Material for this exercise:
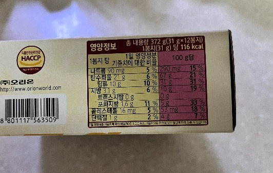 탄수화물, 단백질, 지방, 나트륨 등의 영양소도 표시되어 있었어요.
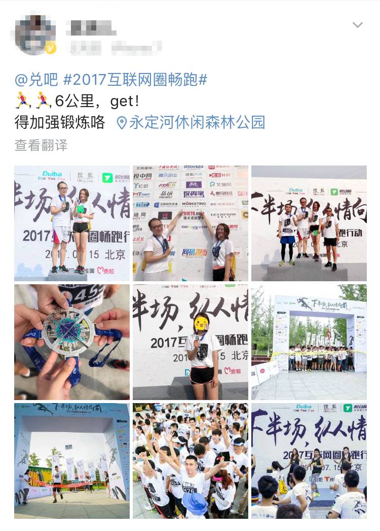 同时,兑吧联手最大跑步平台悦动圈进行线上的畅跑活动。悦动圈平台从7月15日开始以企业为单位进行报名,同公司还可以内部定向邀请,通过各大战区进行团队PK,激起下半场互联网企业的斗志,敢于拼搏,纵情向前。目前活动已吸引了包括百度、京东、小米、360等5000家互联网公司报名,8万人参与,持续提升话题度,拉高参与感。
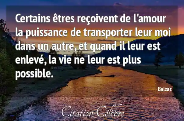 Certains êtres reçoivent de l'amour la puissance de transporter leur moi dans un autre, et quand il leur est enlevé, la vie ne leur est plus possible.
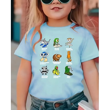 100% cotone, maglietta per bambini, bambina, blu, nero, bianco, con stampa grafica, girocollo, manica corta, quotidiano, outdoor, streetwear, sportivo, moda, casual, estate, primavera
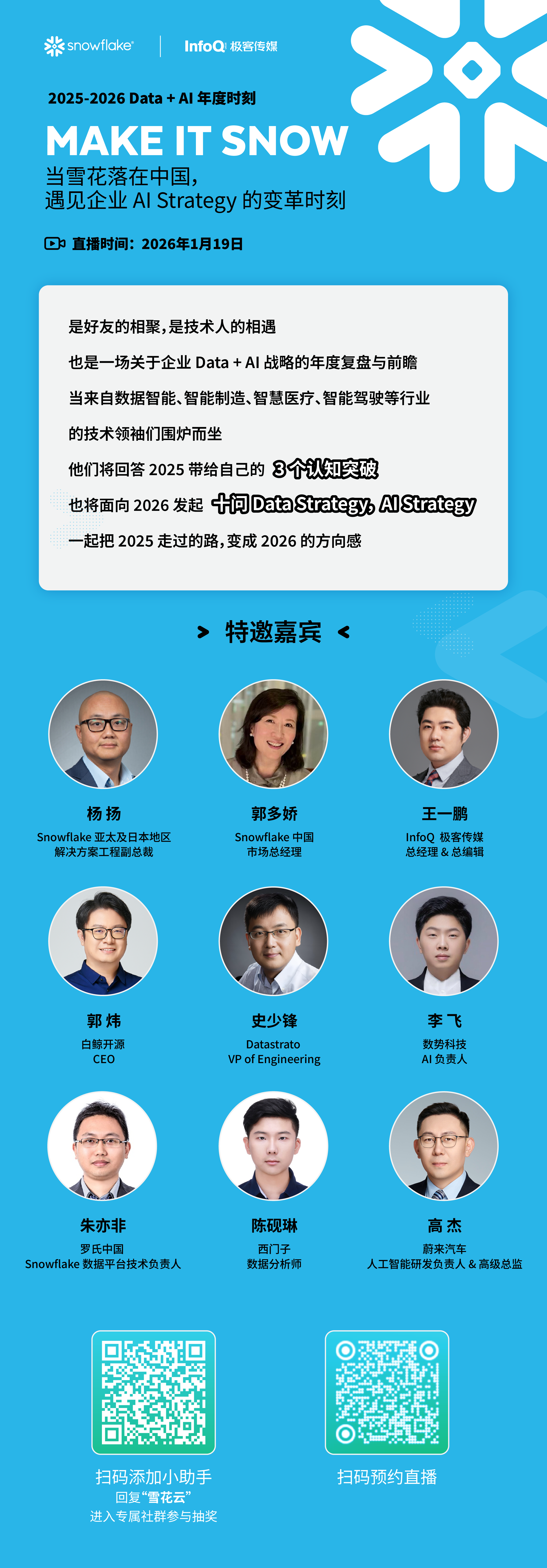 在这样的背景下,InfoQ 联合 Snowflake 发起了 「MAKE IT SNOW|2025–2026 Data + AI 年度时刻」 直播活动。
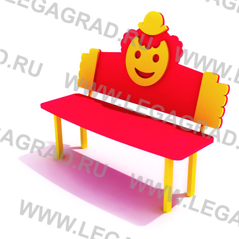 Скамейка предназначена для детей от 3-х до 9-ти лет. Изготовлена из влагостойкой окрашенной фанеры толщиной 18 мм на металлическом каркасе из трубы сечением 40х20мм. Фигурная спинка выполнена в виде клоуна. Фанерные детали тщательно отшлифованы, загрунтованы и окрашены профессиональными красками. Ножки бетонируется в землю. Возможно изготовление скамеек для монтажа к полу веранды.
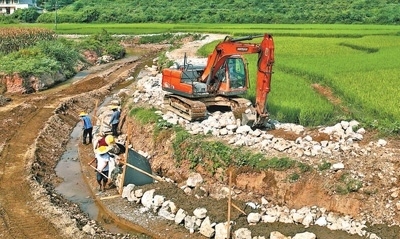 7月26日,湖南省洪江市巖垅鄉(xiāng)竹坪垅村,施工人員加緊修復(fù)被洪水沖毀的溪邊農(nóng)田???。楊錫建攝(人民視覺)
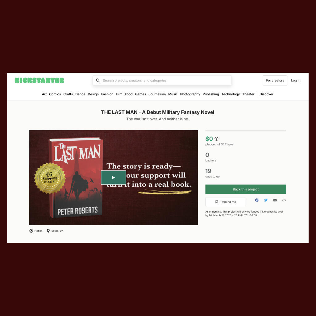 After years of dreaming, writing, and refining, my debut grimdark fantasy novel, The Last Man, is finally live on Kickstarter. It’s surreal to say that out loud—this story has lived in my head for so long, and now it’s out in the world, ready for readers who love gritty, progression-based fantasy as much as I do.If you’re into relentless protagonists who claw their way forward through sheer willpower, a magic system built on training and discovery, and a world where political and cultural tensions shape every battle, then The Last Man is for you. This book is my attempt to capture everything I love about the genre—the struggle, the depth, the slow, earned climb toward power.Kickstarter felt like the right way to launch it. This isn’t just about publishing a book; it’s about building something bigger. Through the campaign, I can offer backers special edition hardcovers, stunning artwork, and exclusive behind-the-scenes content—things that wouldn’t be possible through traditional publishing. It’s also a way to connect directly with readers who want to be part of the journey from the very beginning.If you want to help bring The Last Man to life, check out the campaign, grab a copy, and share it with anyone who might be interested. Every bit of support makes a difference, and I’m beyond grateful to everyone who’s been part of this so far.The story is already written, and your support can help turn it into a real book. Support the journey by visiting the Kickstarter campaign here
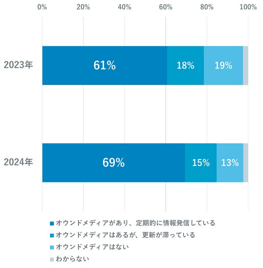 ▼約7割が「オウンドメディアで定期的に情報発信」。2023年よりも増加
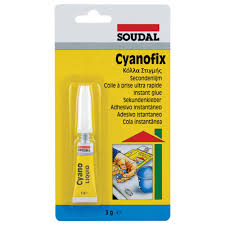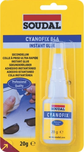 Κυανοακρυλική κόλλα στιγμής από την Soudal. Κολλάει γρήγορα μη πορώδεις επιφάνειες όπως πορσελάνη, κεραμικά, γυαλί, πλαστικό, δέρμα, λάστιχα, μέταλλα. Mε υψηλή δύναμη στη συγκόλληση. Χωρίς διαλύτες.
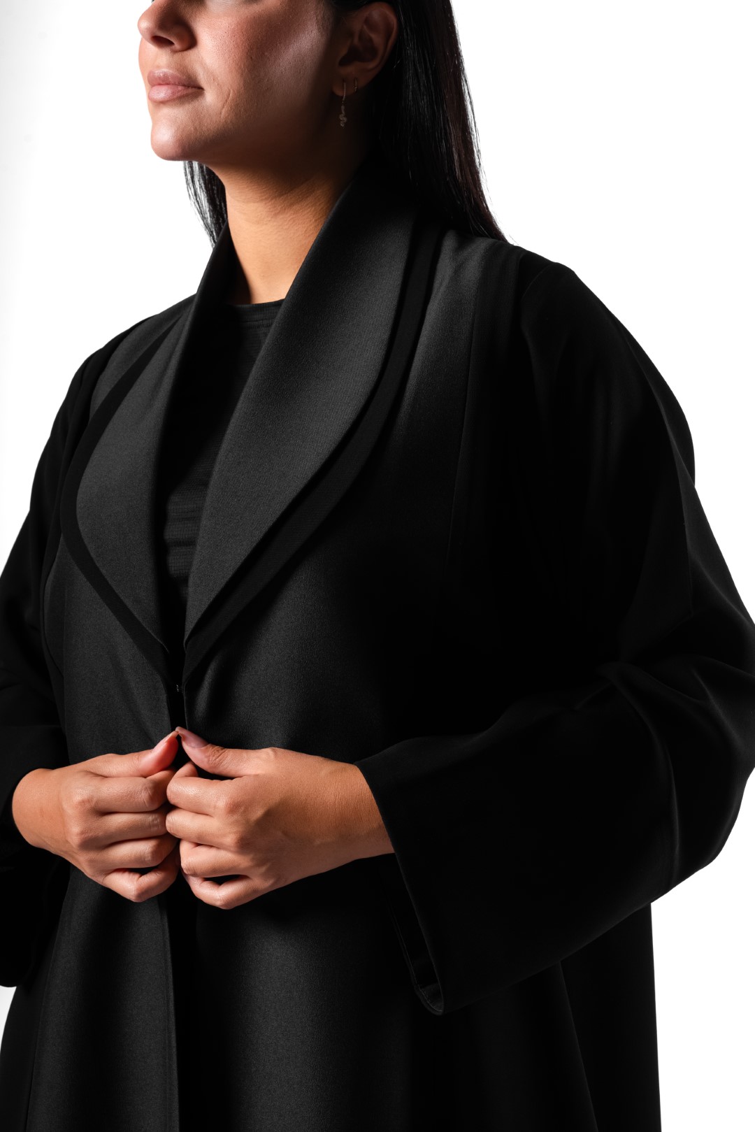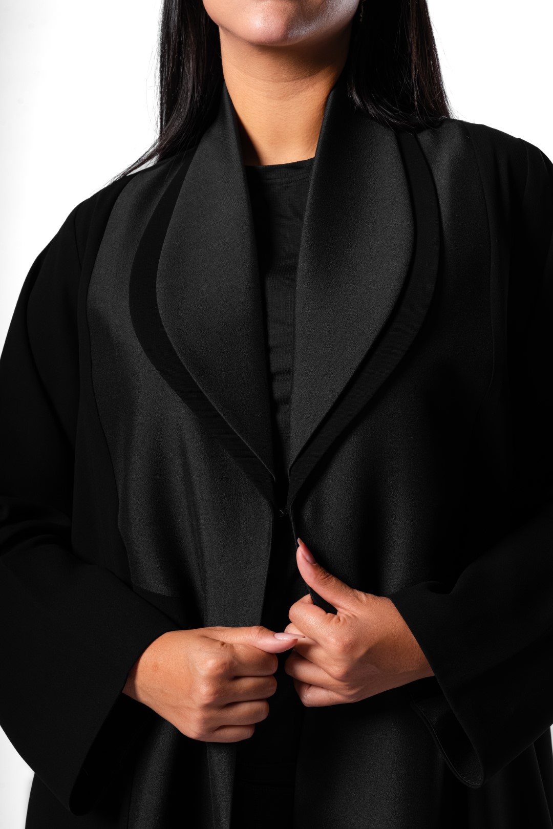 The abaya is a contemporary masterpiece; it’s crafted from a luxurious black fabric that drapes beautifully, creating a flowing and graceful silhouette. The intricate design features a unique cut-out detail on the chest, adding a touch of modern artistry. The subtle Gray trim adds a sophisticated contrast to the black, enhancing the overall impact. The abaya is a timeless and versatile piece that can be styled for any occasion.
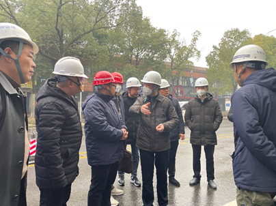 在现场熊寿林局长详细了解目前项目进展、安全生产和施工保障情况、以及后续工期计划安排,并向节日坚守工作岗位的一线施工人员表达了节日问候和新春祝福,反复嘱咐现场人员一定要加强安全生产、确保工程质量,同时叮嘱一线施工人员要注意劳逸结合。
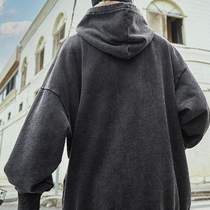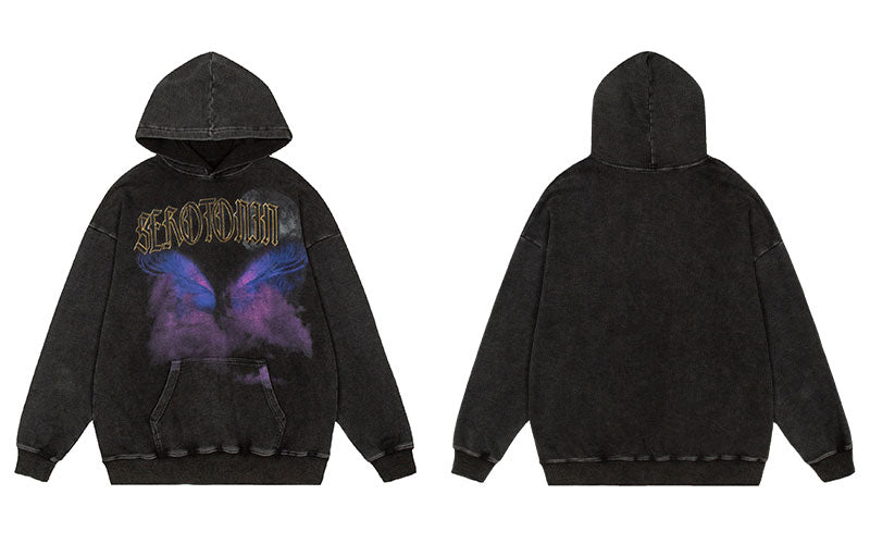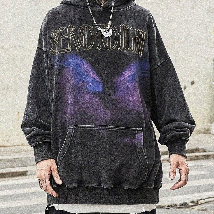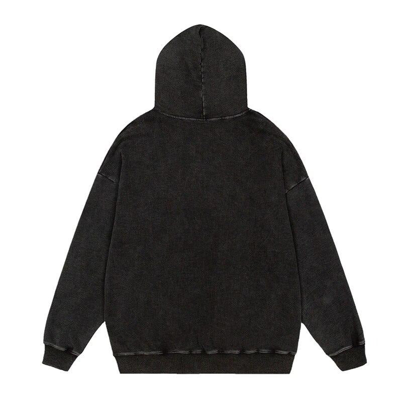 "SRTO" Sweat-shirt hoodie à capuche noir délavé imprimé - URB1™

The problem:
Reproduce everything above exactly, images excluded.

Solution for this problem:
 탄수화물, 단백질, 지방, 나트륨 등의 영양소도 표시되어 있었어요.
 同时,兑吧联手最大跑步平台悦动圈进行线上的畅跑活动。悦动圈平台从7月15日开始以企业为单位进行报名,同公司还可以内部定向邀请,通过各大战区进行团队PK,激起下半场互联网企业的斗志,敢于拼搏,纵情向前。目前活动已吸引了包括百度、京东、小米、360等5000家互联网公司报名,8万人参与,持续提升话题度,拉高参与感。
 Certains êtres reçoivent de l'amour la puissance de transporter leur moi dans un autre, et quand il leur est enlevé, la vie ne leur est plus possible.
 100% cotone, maglietta per bambini, bambina, blu, nero, bianco, con stampa grafica, girocollo, manica corta, quotidiano, outdoor, streetwear, sportivo, moda, casual, estate, primavera
 在这样的背景下,InfoQ 联合 Snowflake 发起了 「MAKE IT SNOW|2025–2026 Data + AI 年度时刻」 直播活动。
 Скамейка предназначена для детей от 3-х до 9-ти лет. Изготовлена из влагостойкой окрашенной фанеры толщиной 18 мм на металлическом каркасе из трубы сечением 40х20мм. Фигурная спинка выполнена в виде клоуна. Фанерные детали тщательно отшлифованы, загрунтованы и окрашены профессиональными красками. Ножки бетонируется в землю. Возможно изготовление скамеек для монтажа к полу веранды.
 7月26日,湖南省洪江市巖垅鄉(xiāng)竹坪垅村,施工人員加緊修復(fù)被洪水沖毀的溪邊農(nóng)田???。楊錫建攝(人民視覺)
 After years of dreaming, writing, and refining, my debut grimdark fantasy novel, The Last Man, is finally live on Kickstarter. It’s surreal to say that out loud—this story has lived in my head for so long, and now it’s out in the world, ready for readers who love gritty, progression-based fantasy as much as I do.If you’re into relentless protagonists who claw their way forward through sheer willpower, a magic system built on training and discovery, and a world where political and cultural tensions shape every battle, then The Last Man is for you. This book is my attempt to capture everything I love about the genre—the struggle, the depth, the slow, earned climb toward power.Kickstarter felt like the right way to launch it. This isn’t just about publishing a book; it’s about building something bigger. Through the campaign, I can offer backers special edition hardcovers, stunning artwork, and exclusive behind-the-scenes content—things that wouldn’t be possible through traditional publishing. It’s also a way to connect directly with readers who want to be part of the journey from the very beginning.If you want to help bring The Last Man to life, check out the campaign, grab a copy, and share it with anyone who might be interested. Every bit of support makes a difference, and I’m beyond grateful to everyone who’s been part of this so far.The story is already written, and your support can help turn it into a real book. Support the journey by visiting the Kickstarter campaign here
 ▼約7割が「オウンドメディアで定期的に情報発信」。2023年よりも増加
 Κυανοακρυλική κόλλα στιγμής από την Soudal. Κολλάει γρήγορα μη πορώδεις επιφάνειες όπως πορσελάνη, κεραμικά, γυαλί, πλαστικό, δέρμα, λάστιχα, μέταλλα. Mε υψηλή δύναμη στη συγκόλληση. Χωρίς διαλύτες.
 The abaya is a contemporary masterpiece; it’s crafted from a luxurious black fabric that drapes beautifully, creating a flowing and graceful silhouette. The intricate design features a unique cut-out detail on the chest, adding a touch of modern artistry. The subtle Gray trim adds a sophisticated contrast to the black, enhancing the overall impact. The abaya is a timeless and versatile piece that can be styled for any occasion.
 在现场熊寿林局长详细了解目前项目进展、安全生产和施工保障情况、以及后续工期计划安排,并向节日坚守工作岗位的一线施工人员表达了节日问候和新春祝福,反复嘱咐现场人员一定要加强安全生产、确保工程质量,同时叮嘱一线施工人员要注意劳逸结合。
 "SRTO" Sweat-shirt hoodie à capuche noir délavé imprimé - URB1™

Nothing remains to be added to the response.